Should there be airtight proof that a pioneering program works before we commit federal money to it — or is it sometimes worth investing in promising but unproven innovations?

Last month, the Senate subcommittee that allocates federal education money weighed in on one such promising innovation, slicing, by more than 90 percent, the $210 million that President Obama requested for next year for his Promise Neighborhoods initiative.

Mr. Obama first proposed Promise Neighborhoods in the summer of 2007, pledging that, as president, he would help create in 20 cities across the country a new kind of support system for disadvantaged children, paid for with a mix of private and public money. In a single distressed neighborhood in each city, Mr. Obama explained, high-quality schools would be integrated into a network of early-childhood programs, parenting classes, health clinics and other social services, all focused on improving educational outcomes for poor children.

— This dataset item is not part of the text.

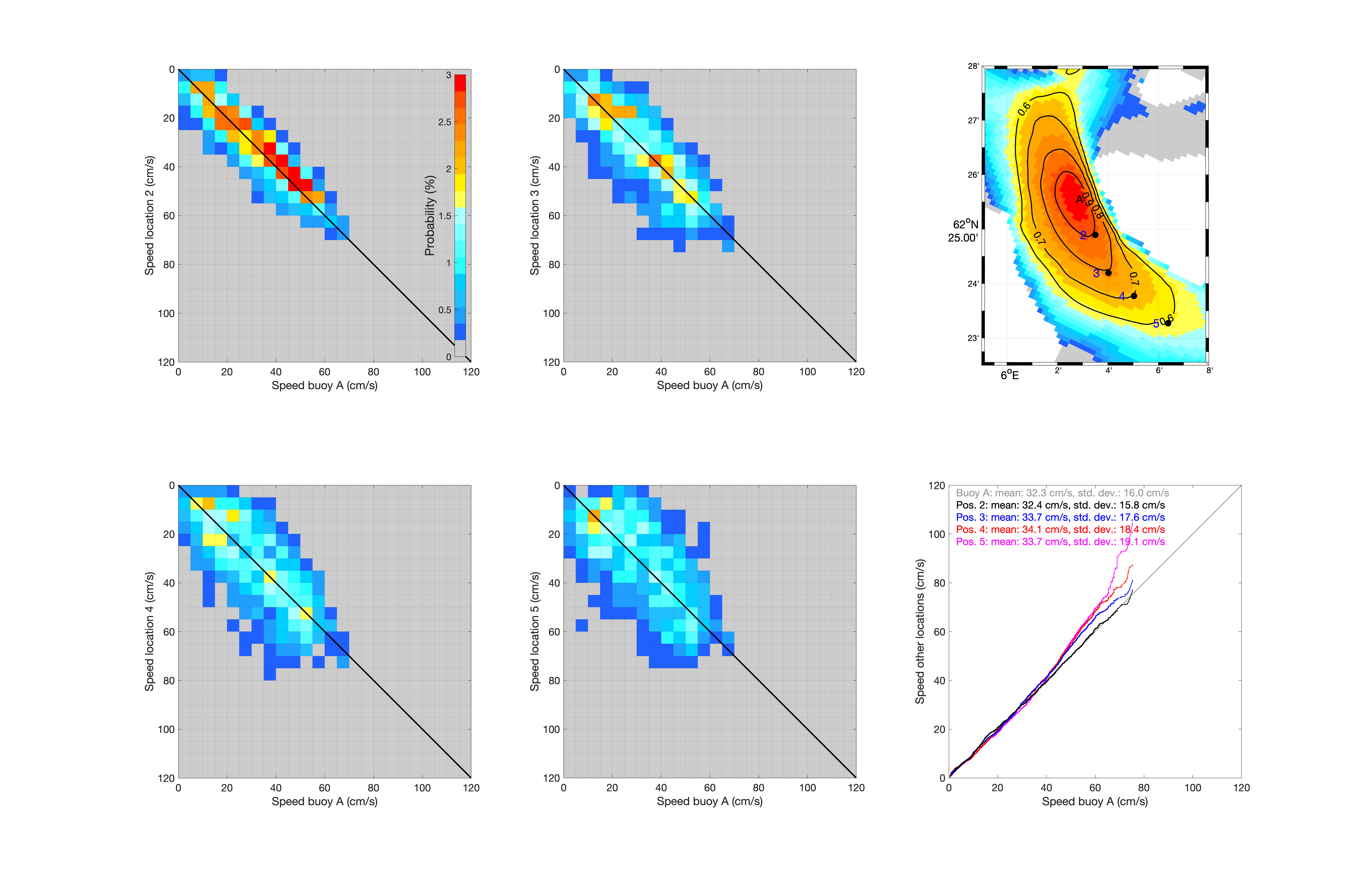 Figur 15. Kartet oppe til høyre viser korrelasjonen i overflatestrømstyrke angitt med farger mellom posisjonen til bøye A nordvest i Sulafjorden og alle omkringliggende gridpunkter i A160-modellen. De sorte konturlinjene markerer grensene for korrelasjonskoeffisient på hhv. 0,9, 0,8, 0,7 og 0,6, og de sorte prikkene med tilhørende blå tall markerer eksempelposisjonene som er brukt til å sammenlikne overflatestrøm mot midtpunktet (A). De fire panelene til venstre viser spredningsplott (sortert i bins) mellom strømstyrke (1m) i posisjonen til bøye A og de fire punktene angitt som sorte prikker og blå tall i kartet, hhv. med korrelasjonskoeffisient på 0,9, 0,8, 0,7 og 0,6. Fargene angir her sannsynlighet i % og fargeskalaen går fra 0% (grå) til 3% (rød) i alle fire panelene. De samme strømstyrkeverdiene er rangert fra lavest til høyest og presentert nede til høyre i et qq-plott.
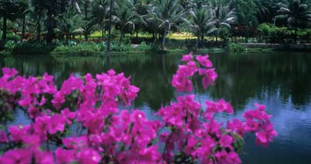 これぞ「熱帯」植物園。ヤシの木と花の競演です。広くって美しく、ピクニックにはもってこいの所でした。

The Obama administration requested and received from Congress $10 million for the program for fiscal year 2010, and the Department of Education used that money to create a national competition for up to 20 Promise Neighborhoods planning grants. Although the grants were capped at a modest $500,000, the response to the program was overwhelming — 339 nonprofit groups and institutions of higher education from across the country formed coalitions, raised matching funds and filed applications.

Promise Neighborhoods was inspired by the example of the Harlem Children’s Zone, which over the last decade has compiled a solid, though still incomplete, record of success in the 97 blocks of central Harlem where it operates. Students at the group’s two charter elementary schools, mostly low-income and almost all black or Hispanic, have achieved strong results on statewide tests, often exceeding average proficiency scores for white students. Last year, 437 parents completed Baby College, the Zone’s nine-week parenting class, and 99 percent of the children graduating from the prekindergarten entered kindergarten on grade level. This fall, more than 200 students from the Zone’s afterschool programs will enroll as freshmen in college.

The central argument against fully financing the Promise Neighborhoods initiative, given voice in recent weeks by various policy groups, journalists and bloggers, is that despite such promising data, the Zone has not yet proved itself.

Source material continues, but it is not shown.